看的众人诧异非常,祥公公跟小吉安都有些忍俊不禁了。
祥公公道:“这狗儿好像真的能听懂人说话呢。”
寒雨道:“多半是误打误撞的,它本就不想离开。”
于是大家才又恭请王爷安枕,正要退出,庆王对祥公公道:“叫太医给它瞧瞧骨头。”
祥公公一愣,忙答应了,出来之后就吩咐人赶紧去把太医叫来让给狗子瞧瞧。
小太监赶紧去传人,小吉安笑道:“公公,这可奇了,太医在咱们王府内常驻本是为了给王爷预备着头疼脑热的,如今竟给这狗看病。”
“你懂什么,王爷听阿南说这狗儿从窗口跳出来,怕伤了骨头。”
小吉安道:“我就是想不通,怎么对这狗子这样不同呢。”
祥公公揣着手想了会儿:“这兴许……是爱屋及乌吧?”
“什么?爱什么?谁爱谁?”小吉安不懂。
祥公公自然并没跟他解释,只是等着太医赶到了,陪着太医给阿黄诊看了一番。太医笑道:“我在这方面不太擅长,只是据经验来说,像是没有大碍。”
这太医也是好脾气了,并没有表现出不悦,这才是真正的“爱”屋及乌呢。
当夜,果然阿黄就一直都趴在庆王的屋门外,直到次日早上祥公公等来伺候,它才也跟着站了起来。
等到庆王洗漱完毕,将要出门,阿黄便立在旁边,支棱着耳朵向着庆王摇尾巴,倒像是个恭迎王爷的样子。
祥公公笑道:“这狗子真是难得的通人性。瞧这殷勤劲儿,多半是知道王爷对它好,所以才这样儿。”
又担忧:“这时侯还可以,若入了冬,天寒地冻的,它还这么样可不冻坏了吗?”
寒雨道:“这狗子既然这么机灵,当然是知冷知热的,若到了冬天,恐怕就躲到暖房里了。”
两人才说几句,冷不防庆王道:“难道还得留它到冬天?”
庆王的意思是,本就是暂时答应叶青蝉帮她看着的,在冬天来临之前,早也把这狗子打发了。
祥公公跟寒雨对视一眼,不敢言语。
庆王却又道:“叶青蝉回宫后在做什么?”
祥公公忙道:“听说在为珍禽园的饲料供给等忙碌。”
庆王顿了顿:“孙家的人跟顺天府尹通过气儿了?”
祥公公道:“送了这个数。”说着比出了两根手指。
庆王瞥了眼,眉头皱蹙:“两万?好大的手笔。”
祥公公笑道:“这案子若没有王爷插手,他们自然不必出这么多,何况孙家平日里就跟顺天府勾勾搭搭的,又有宫内的靠山,只怕一毛不拔,顺天府还得偏袒着他们呢。如今有王爷插手自然不同了,纵然给了两万两银子,顺天府尹还得好好想想,该不该逞这个强呢。”

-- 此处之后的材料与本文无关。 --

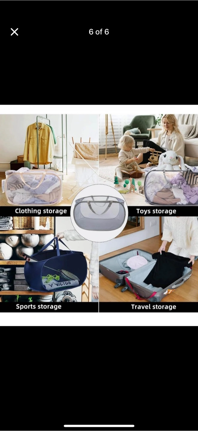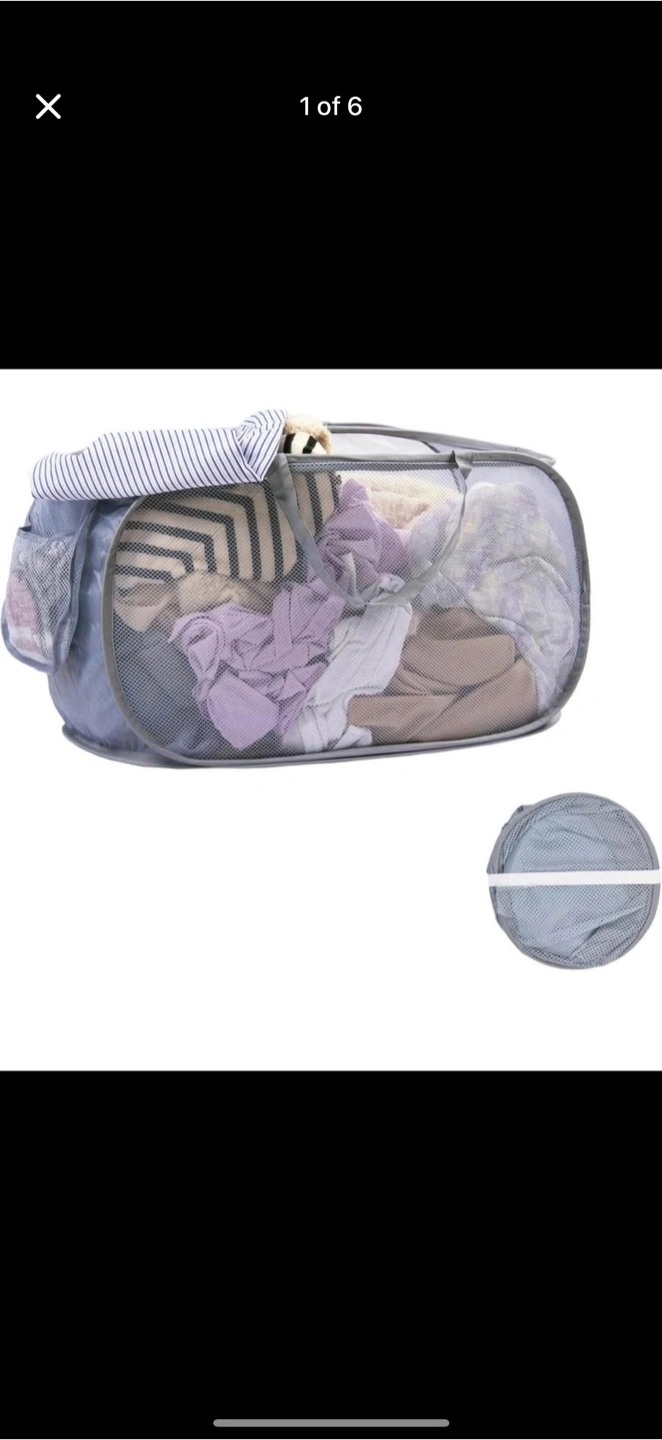 This pop-up laundry basket is super handy! It's made with breathable mesh for excellent air permeability, making it quick-drying, anti-odor, and anti-bacterial. It also features reinforced handles for easy carrying, whether by hand or on your shoulder. Plus, it has a side pocket for storing small objects. The nylon mesh and iron wire construction make it sturdy and durable for stable support

庆王冷哼了声:“彭秀木虽然不至于敢跟本王对着干,但奈何他向来是个贪钱的人,恐怕舍不得这两万银子,何况还念着宫内的势力,多半儿会铤而走险,预备着吧。”
祥公公肃然道:“是,早就预备着了。”
说了这句,轮椅已经下了台阶,今日凉风习习,并没有往日的炎热。
祥公公打量着庆王的脸色,道:“王爷,那珍禽园的饲料供应断了,只怕小叶掌案又得着急上火的呢,要不要叫咱们的人去接洽一下?”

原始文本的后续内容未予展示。